- Work item:
Retype the records below word for word and omit any image.

- Input data:

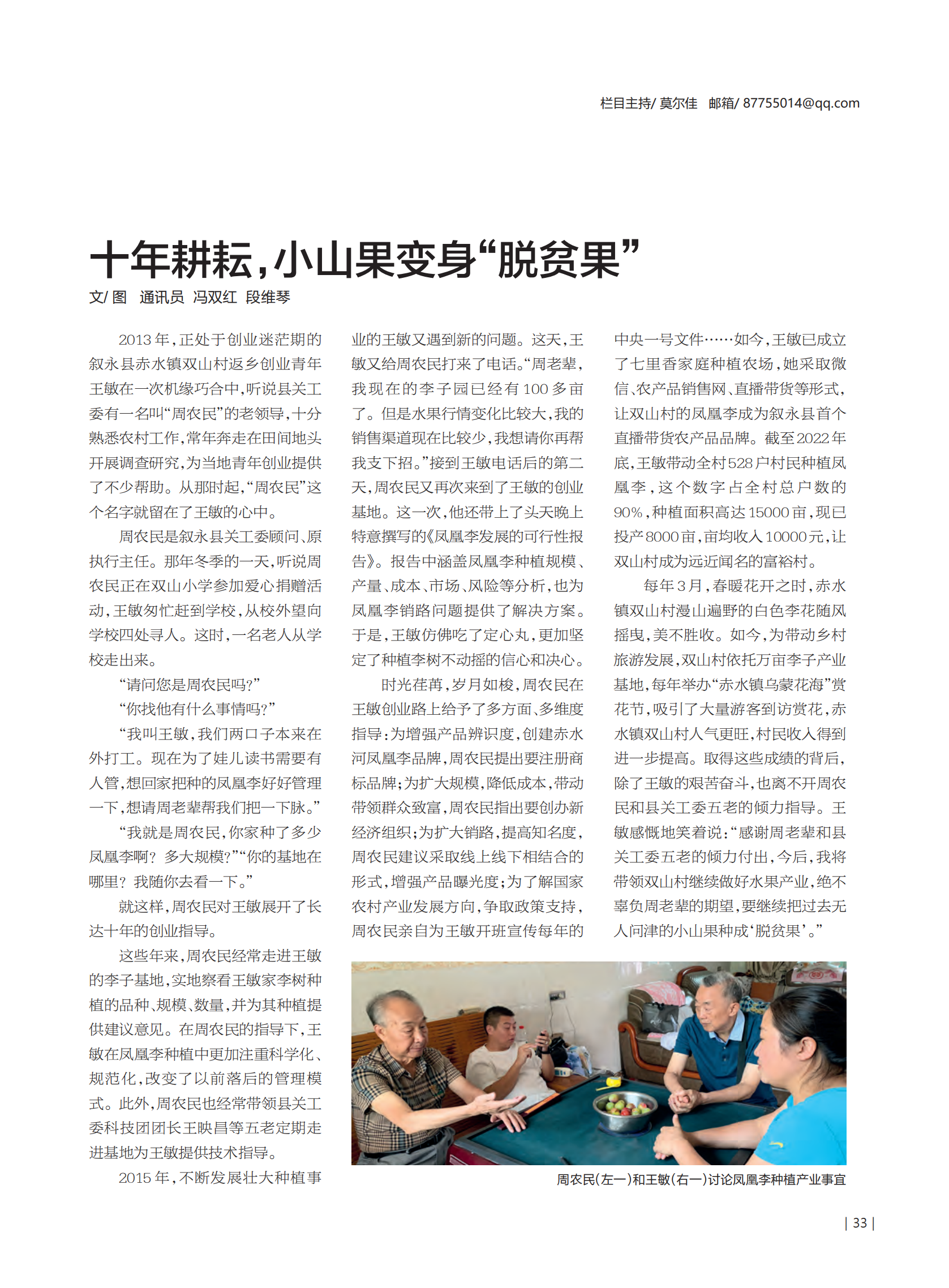 时光荏苒,岁月如梭,周农民在王敏创业路上给予了多方面、多维度指导:为增强产品辨识度,创建赤水河凤凰李品牌,周农民提出要注册商标品牌;为扩大规模,降低成本,带动带领群众致富,周农民指出要创办新经济组织;为扩大销路,提高知名度,周农民建议采取线上线下相结合的形式,增强产品曝光度;为了解国家农村产业发展方向,争取政策支持,周农民亲自为王敏开班宣传每年的中央一号文件……如今,王敏已成立了七里香家庭种植农场,她采取微信、农产品销售网、直播带货等形式,让双山村的凤凰李成为叙永县首个直播带货农产品品牌。截至2022年底,王敏带动全村528户村民种植凤凰李,这个数字占全村总户数的90%,种植面积高达15000亩,现已投产8000亩,亩均收入10000元,让双山村成为了远近闻名的富裕村。
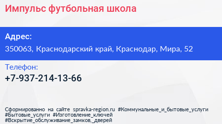 Импульс, футбольная школа по адресу 350063, Краснодарский край, Краснодар, Мира, 52 в дальнейшем Организация, размещена в следующих категориях:
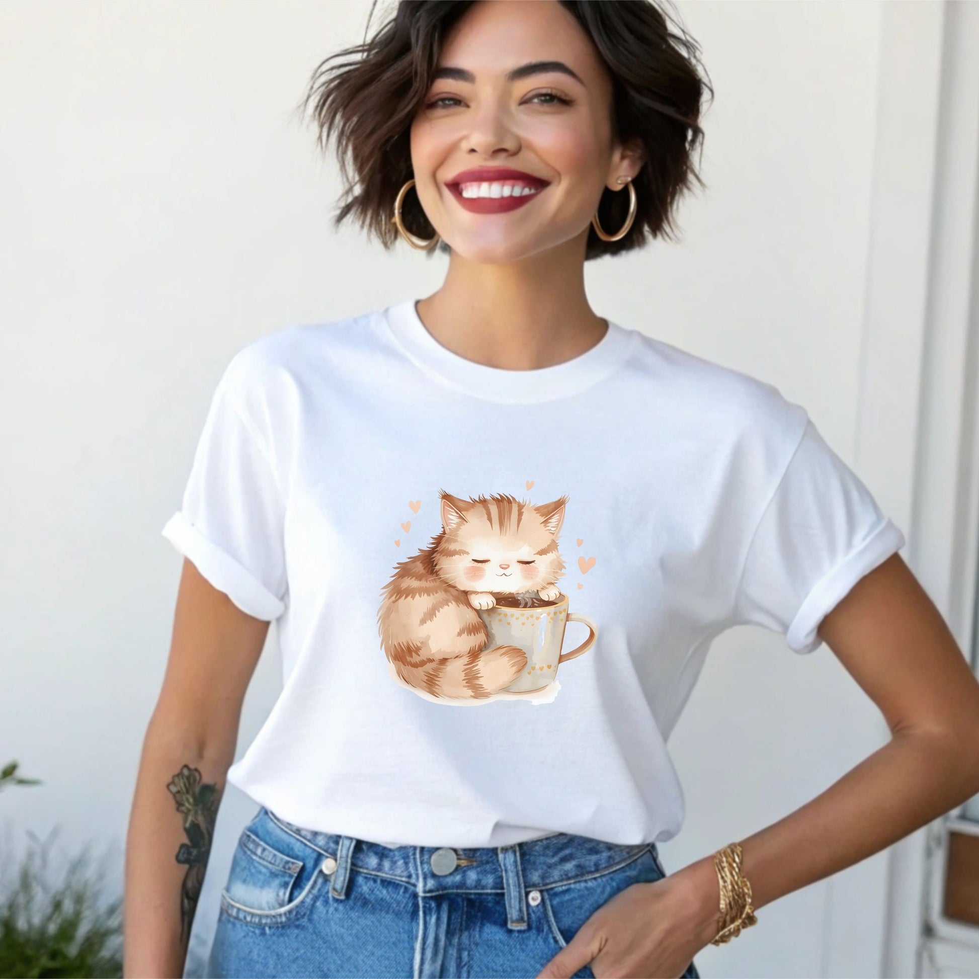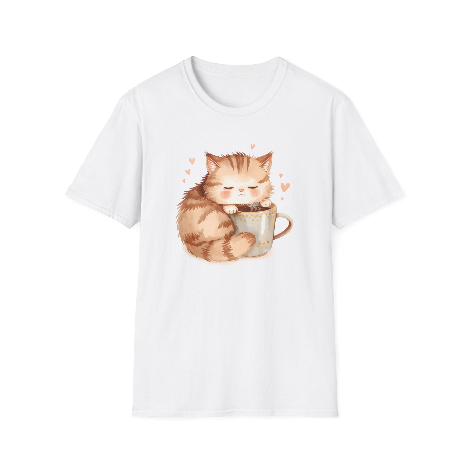 Soft, cozy, and heart-warming. This Sleepy Cat T-shirt features an adorable kitten cuddled up with a warm drink, creating the ultimate comfort piece for relaxed days and cozy nights. This playful Valentine tee brings warmth and personality together in one cozy essential. Featuring a wide-format illustration designed specifically for T-shirts, the artwork sits naturally across the chest for a flattering, high-quality look.
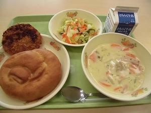 いちごの米粉パン 牛乳 ハムカツ フレンチサラダ クラムチャウダー
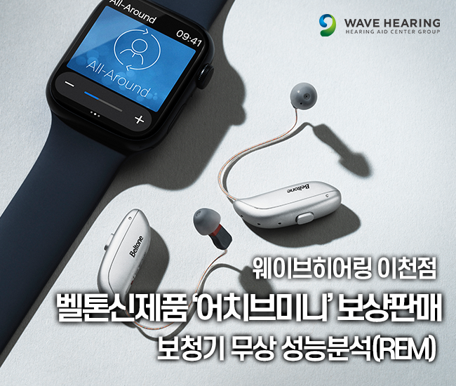 세계 6대 브랜드 (벨톤, 스타키, 와이덱스, 시그니아, 오티콘, 포낙 등)를 다루는 청각&보청기 전문가그룹 웨이브히어링 이천점이 벨톤보청기 신제품 ‘어치브(Achieve)’ 보상판매 이벤트와 함께 보청기 성능분석기기(REM)를 이용한 정밀점검을 무상으로 제공한다고 밝혔다.
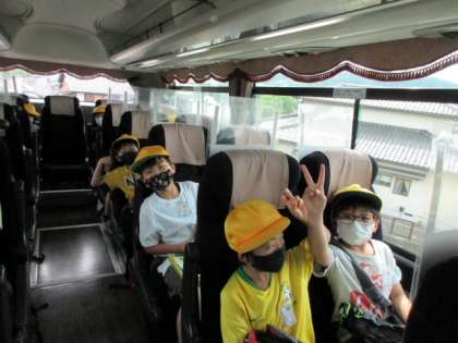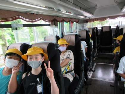 快晴の中、元気に出発しました。コロナ対策として、バスに乗る前に消毒をすること、静かに座ること、また、熱中症対策として、こまめに水分をとること、また最後まで水筒のお茶が残るよう考えて飲むこと等、健康面に気を付けるよう心がけました。
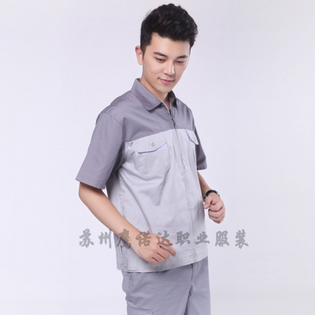 苏州鹰诺服装:深兰色短袖工作服AD04
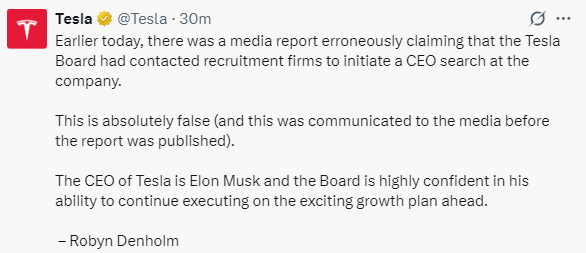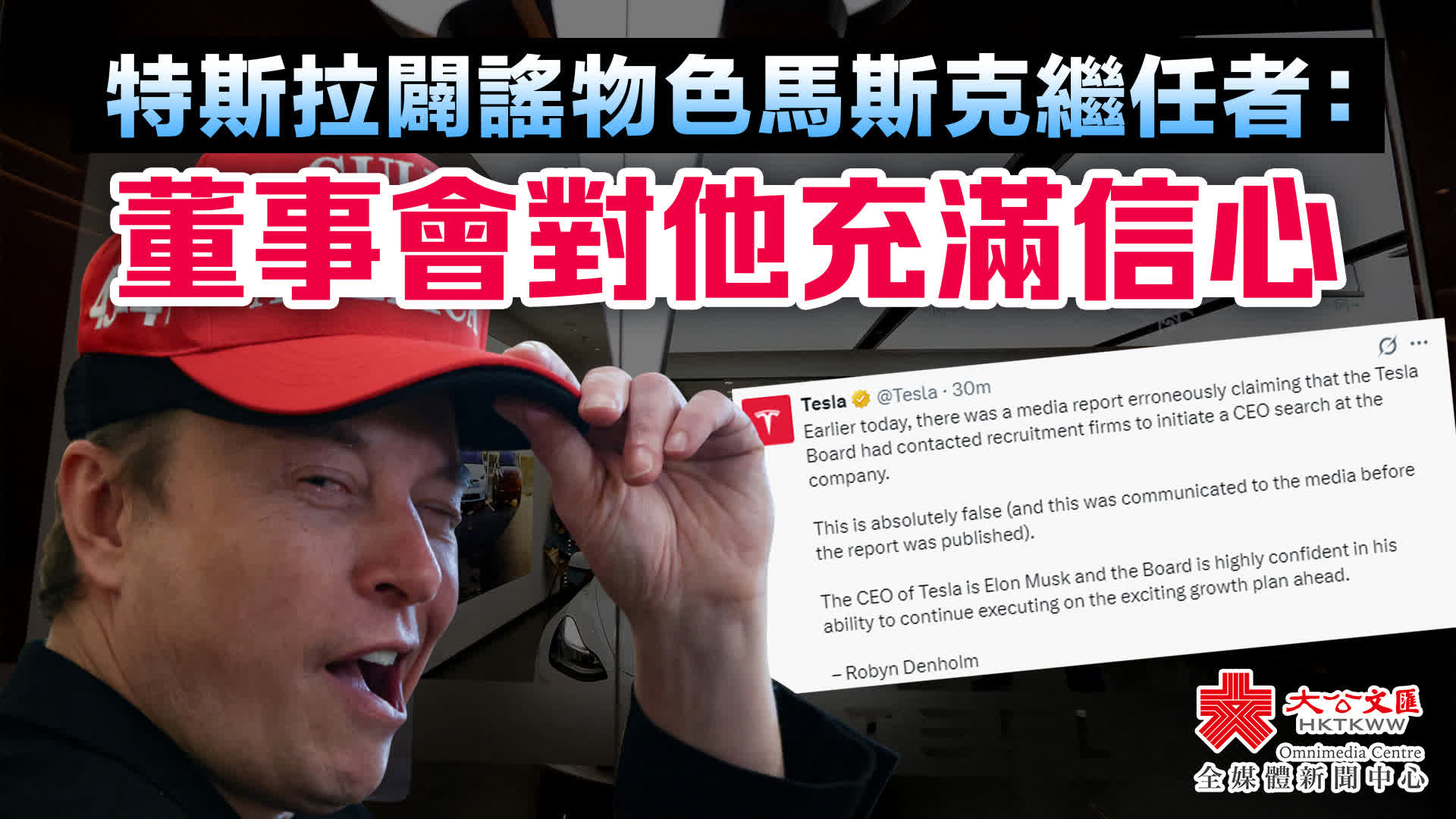 大公文匯全媒體報道,當地時間4月30日,美國汽車製造商特斯拉公司在社交媒體平台發文,對此前有關「公司考慮尋找馬斯克繼任者」的媒體報道進行了闢謠和說明。
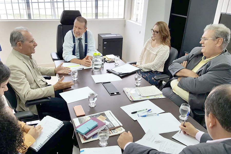 Os magistrados Alberto Almeida, da 1ª Vara Criminal/Infância de Arapiraca e Laila Kerckhoff dos Santos, auxiliar da Corregedoria, o secretário da CEIJ, José Hamilton Ramos de Azevedo, e os membros da equipe multidisciplinar da Coordenadoria, as assistentes sociais Milena Ferro de Amorim e Elisângela Ferreira da Silva e a psicóloga Camila Loiola Santos, também participaram das discussões sobre a parceria.

- Solution for this task:
 时光荏苒,岁月如梭,周农民在王敏创业路上给予了多方面、多维度指导:为增强产品辨识度,创建赤水河凤凰李品牌,周农民提出要注册商标品牌;为扩大规模,降低成本,带动带领群众致富,周农民指出要创办新经济组织;为扩大销路,提高知名度,周农民建议采取线上线下相结合的形式,增强产品曝光度;为了解国家农村产业发展方向,争取政策支持,周农民亲自为王敏开班宣传每年的中央一号文件……如今,王敏已成立了七里香家庭种植农场,她采取微信、农产品销售网、直播带货等形式,让双山村的凤凰李成为叙永县首个直播带货农产品品牌。截至2022年底,王敏带动全村528户村民种植凤凰李,这个数字占全村总户数的90%,种植面积高达15000亩,现已投产8000亩,亩均收入10000元,让双山村成为了远近闻名的富裕村。
 Импульс, футбольная школа по адресу 350063, Краснодарский край, Краснодар, Мира, 52 в дальнейшем Организация, размещена в следующих категориях:
 Soft, cozy, and heart-warming. This Sleepy Cat T-shirt features an adorable kitten cuddled up with a warm drink, creating the ultimate comfort piece for relaxed days and cozy nights. This playful Valentine tee brings warmth and personality together in one cozy essential. Featuring a wide-format illustration designed specifically for T-shirts, the artwork sits naturally across the chest for a flattering, high-quality look.
 いちごの米粉パン 牛乳 ハムカツ フレンチサラダ クラムチャウダー
 세계 6대 브랜드 (벨톤, 스타키, 와이덱스, 시그니아, 오티콘, 포낙 등)를 다루는 청각&보청기 전문가그룹 웨이브히어링 이천점이 벨톤보청기 신제품 ‘어치브(Achieve)’ 보상판매 이벤트와 함께 보청기 성능분석기기(REM)를 이용한 정밀점검을 무상으로 제공한다고 밝혔다.
 快晴の中、元気に出発しました。コロナ対策として、バスに乗る前に消毒をすること、静かに座ること、また、熱中症対策として、こまめに水分をとること、また最後まで水筒のお茶が残るよう考えて飲むこと等、健康面に気を付けるよう心がけました。
 苏州鹰诺服装:深兰色短袖工作服AD04
 大公文匯全媒體報道,當地時間4月30日,美國汽車製造商特斯拉公司在社交媒體平台發文,對此前有關「公司考慮尋找馬斯克繼任者」的媒體報道進行了闢謠和說明。
 Os magistrados Alberto Almeida, da 1ª Vara Criminal/Infância de Arapiraca e Laila Kerckhoff dos Santos, auxiliar da Corregedoria, o secretário da CEIJ, José Hamilton Ramos de Azevedo, e os membros da equipe multidisciplinar da Coordenadoria, as assistentes sociais Milena Ferro de Amorim e Elisângela Ferreira da Silva e a psicóloga Camila Loiola Santos, também participaram das discussões sobre a parceria.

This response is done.